= Records provided =

☆ ☆ ☆ ☆ ☆ ☆ ☆

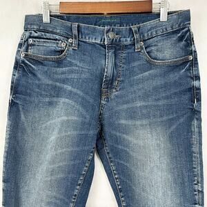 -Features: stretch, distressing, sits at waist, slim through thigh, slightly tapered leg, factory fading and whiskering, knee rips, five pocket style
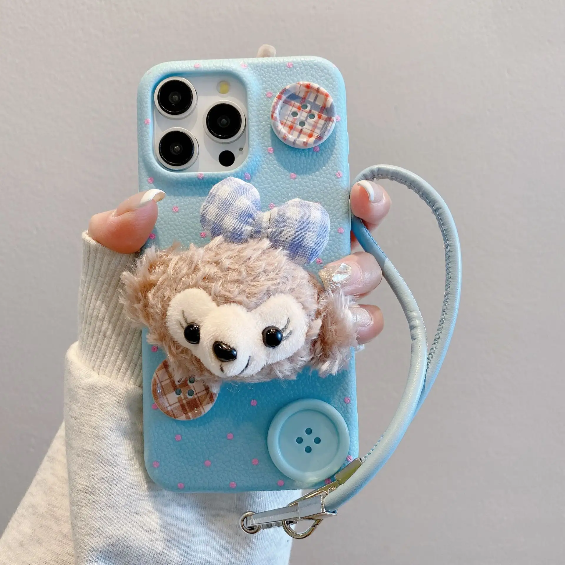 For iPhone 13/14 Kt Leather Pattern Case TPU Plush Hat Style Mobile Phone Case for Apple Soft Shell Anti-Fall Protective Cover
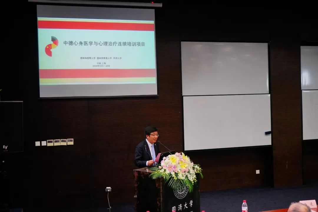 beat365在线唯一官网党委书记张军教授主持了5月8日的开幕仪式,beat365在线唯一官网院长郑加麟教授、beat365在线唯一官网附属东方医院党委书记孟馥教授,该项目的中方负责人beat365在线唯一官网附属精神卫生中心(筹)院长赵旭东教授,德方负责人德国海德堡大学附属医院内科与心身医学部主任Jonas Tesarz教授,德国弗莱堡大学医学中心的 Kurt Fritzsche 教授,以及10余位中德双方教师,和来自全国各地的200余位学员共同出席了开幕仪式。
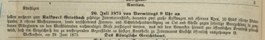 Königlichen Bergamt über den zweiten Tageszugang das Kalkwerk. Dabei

☆ ☆ ☆ ☆ ☆ ☆ ☆

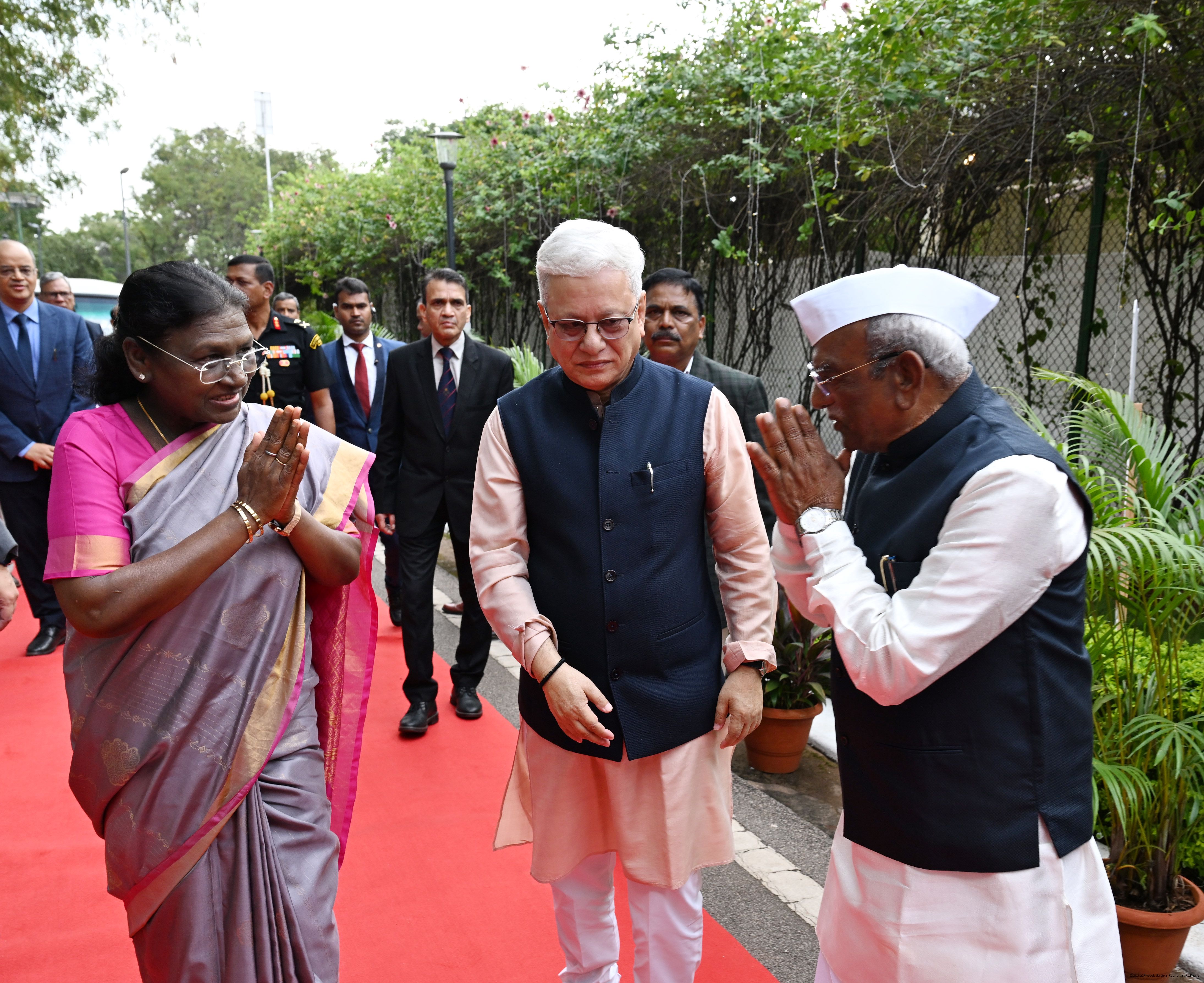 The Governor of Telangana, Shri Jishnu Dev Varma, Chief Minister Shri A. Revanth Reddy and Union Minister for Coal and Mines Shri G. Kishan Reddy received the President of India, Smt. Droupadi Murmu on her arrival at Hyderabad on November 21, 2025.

☆ ☆ ☆ ☆ ☆ ☆ ☆

= Task goal =
Each line above starting at the one holding "-Features: stretch, distressing, sits" and ending at the one holding "Königlichen Bergamt über" should be set down exactly as it stands, both ends included, with no pictures.

= Exercise solution =
 -Features: stretch, distressing, sits at waist, slim through thigh, slightly tapered leg, factory fading and whiskering, knee rips, five pocket style
 For iPhone 13/14 Kt Leather Pattern Case TPU Plush Hat Style Mobile Phone Case for Apple Soft Shell Anti-Fall Protective Cover
 beat365在线唯一官网党委书记张军教授主持了5月8日的开幕仪式,beat365在线唯一官网院长郑加麟教授、beat365在线唯一官网附属东方医院党委书记孟馥教授,该项目的中方负责人beat365在线唯一官网附属精神卫生中心(筹)院长赵旭东教授,德方负责人德国海德堡大学附属医院内科与心身医学部主任Jonas Tesarz教授,德国弗莱堡大学医学中心的 Kurt Fritzsche 教授,以及10余位中德双方教师,和来自全国各地的200余位学员共同出席了开幕仪式。
 Königlichen Bergamt über den zweiten Tageszugang das Kalkwerk. Dabei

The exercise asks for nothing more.